Problem to solve
Leave the pictures out and restate every line below exactly.

(Data excerpts)
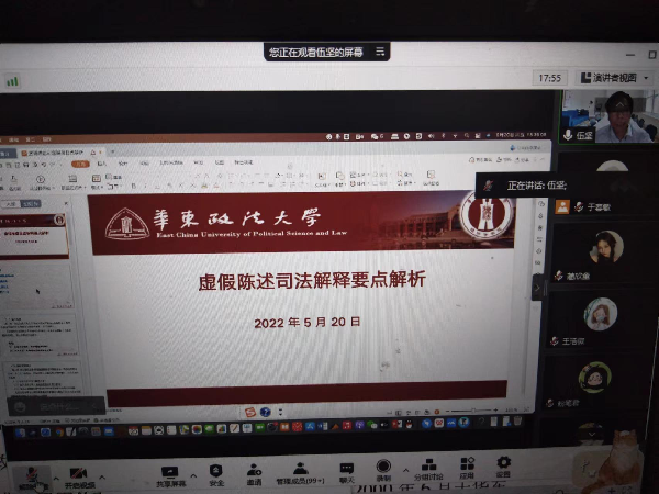 日前,华东政法大学伍坚教授通过腾讯会议形式为我院师生做了题为《证券虚假陈述司法解释若干要点解析》的学术讲座。
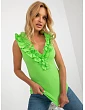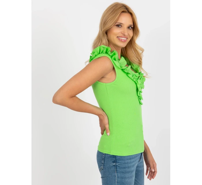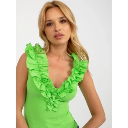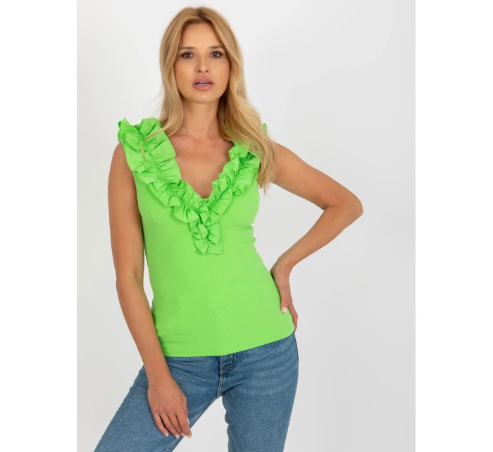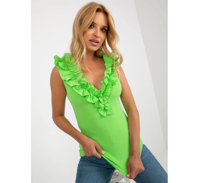 Světle zelený žebrovaný top s volánky .
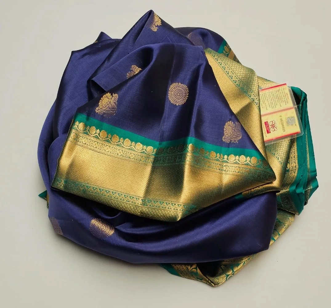 Authentic Kanchi Silk Saree With Stunning Zari Detailing In Navy Blue Code : RTSDWKS4001NB
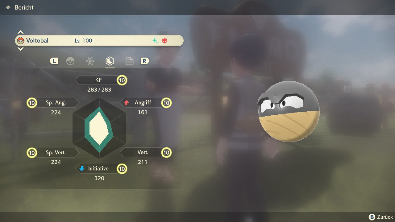 Das Pokemon ist mit beeindruckenden 6×31 IV-Werten ausgestattet. Das bedeutet, dass es auf allen sechs Werten (KP, Ang., Sp-Ang., Vert., Sp-Vert., Init.) die maximalen 31 IV/DV-Punkte besitzt. Dein Pokemon startet somit mit herausragender Stärke in digitale Kämpfe.
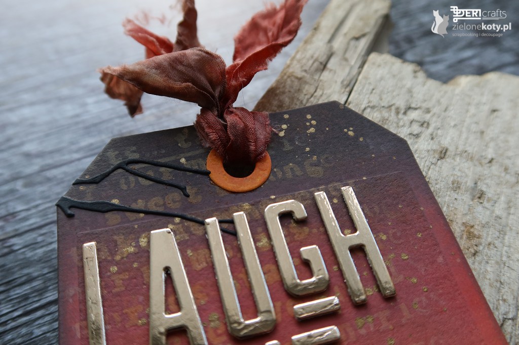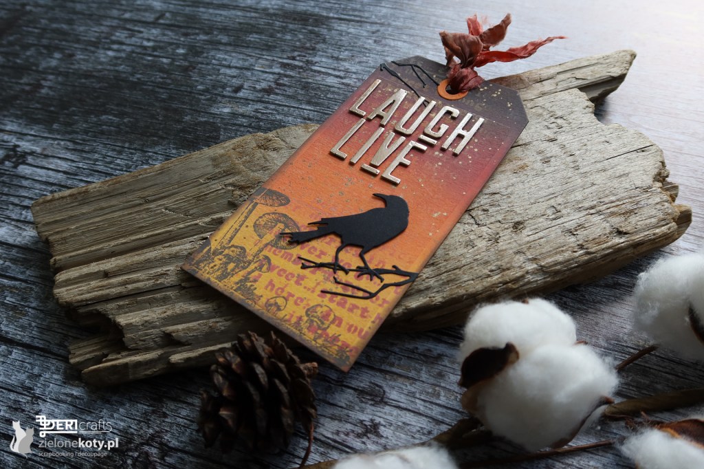 My today’s inspiration for you was inspired by the latest challenge on the blog Zielonekoty.pl “Colors of Autumn”. This time, however, it is not a card, but a tag. It was created as an autumn decoration for my studio and it contains almost all the symbols of autumn, i.e. colors, mushrooms and rook / raven. The background of the tag was created from the Distress Oxide inks, which is why the inscriptions are bright against a dark background – this is one of the few nice features that these inks have. The main character is a beautifully shiny inscription and more subtle golden splashes. The whole work is dressed up with ribbons dyed with distress inks in the same colors as those used on the background.
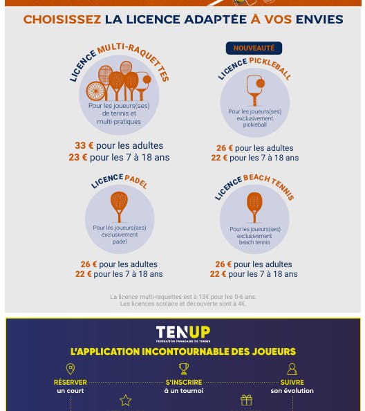 Associée à votre adhésion à un club affilié à la FFT; c'est la garantie de trouver une structure qui répond à vos attentes et facilite votre pratique. Intégrer un club affilié et prendre une licence vous offre de nombreux avantages:
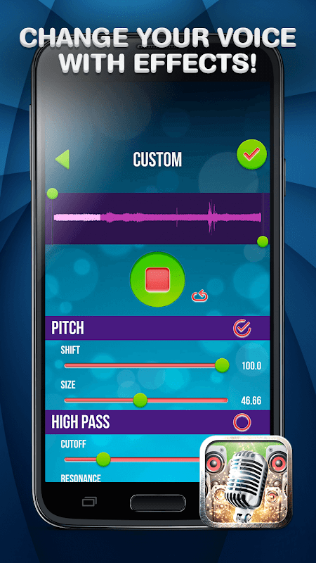 🎼ボイスレコーダーとオーディオエフェクト付きサウンドチェンジャー 🎼 は、あなたが話す方法に不思議になり、あなたの演説を完全に変容させ、認識不能にします。マイクに話すだけでスピーチを修正します。あなたが話したり歌ったりしている間に自分自身を録音し、希望するクレイジーオーディオエフェクトとフィルターを録音に追加して、スピーチを変えてください。エコー、ディストーション、ピッチとトレモロ、面白いオーディオエフェクトを調整し、話し方を変えます。ボーカルの変更を新しいオーディオファイルに追加します。着メロ、コール、ーン、通知またはアラームとして設定する素晴らしい曲を作成します。今すぐインストールして、録画を素早く簡単に録画、編集、保存、共有してください。
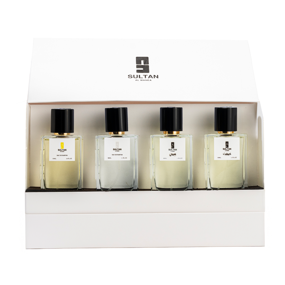 بوكس يجمع أكثر العطور مبيعآ انفينتي - كيوليت - الرمادي - الأصفر.
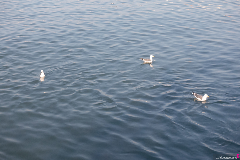 바다위에 두둥실 떠 있는 갈매기들
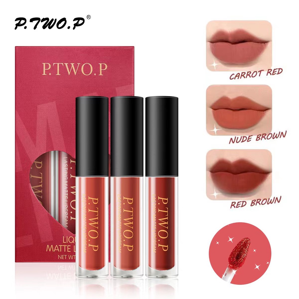 P.TWO.P 3 PCS Matte Lip Tint Set Long Wearing Waterproof Lipstick Kit

Written answer
 日前,华东政法大学伍坚教授通过腾讯会议形式为我院师生做了题为《证券虚假陈述司法解释若干要点解析》的学术讲座。
 Světle zelený žebrovaný top s volánky .
 Authentic Kanchi Silk Saree With Stunning Zari Detailing In Navy Blue Code : RTSDWKS4001NB
 Das Pokemon ist mit beeindruckenden 6×31 IV-Werten ausgestattet. Das bedeutet, dass es auf allen sechs Werten (KP, Ang., Sp-Ang., Vert., Sp-Vert., Init.) die maximalen 31 IV/DV-Punkte besitzt. Dein Pokemon startet somit mit herausragender Stärke in digitale Kämpfe.
 My today’s inspiration for you was inspired by the latest challenge on the blog Zielonekoty.pl “Colors of Autumn”. This time, however, it is not a card, but a tag. It was created as an autumn decoration for my studio and it contains almost all the symbols of autumn, i.e. colors, mushrooms and rook / raven. The background of the tag was created from the Distress Oxide inks, which is why the inscriptions are bright against a dark background – this is one of the few nice features that these inks have. The main character is a beautifully shiny inscription and more subtle golden splashes. The whole work is dressed up with ribbons dyed with distress inks in the same colors as those used on the background.
 Associée à votre adhésion à un club affilié à la FFT; c'est la garantie de trouver une structure qui répond à vos attentes et facilite votre pratique. Intégrer un club affilié et prendre une licence vous offre de nombreux avantages:
 🎼ボイスレコーダーとオーディオエフェクト付きサウンドチェンジャー 🎼 は、あなたが話す方法に不思議になり、あなたの演説を完全に変容させ、認識不能にします。マイクに話すだけでスピーチを修正します。あなたが話したり歌ったりしている間に自分自身を録音し、希望するクレイジーオーディオエフェクトとフィルターを録音に追加して、スピーチを変えてください。エコー、ディストーション、ピッチとトレモロ、面白いオーディオエフェクトを調整し、話し方を変えます。ボーカルの変更を新しいオーディオファイルに追加します。着メロ、コール、ーン、通知またはアラームとして設定する素晴らしい曲を作成します。今すぐインストールして、録画を素早く簡単に録画、編集、保存、共有してください。
 بوكس يجمع أكثر العطور مبيعآ انفينتي - كيوليت - الرمادي - الأصفر.
 바다위에 두둥실 떠 있는 갈매기들
 P.TWO.P 3 PCS Matte Lip Tint Set Long Wearing Waterproof Lipstick Kit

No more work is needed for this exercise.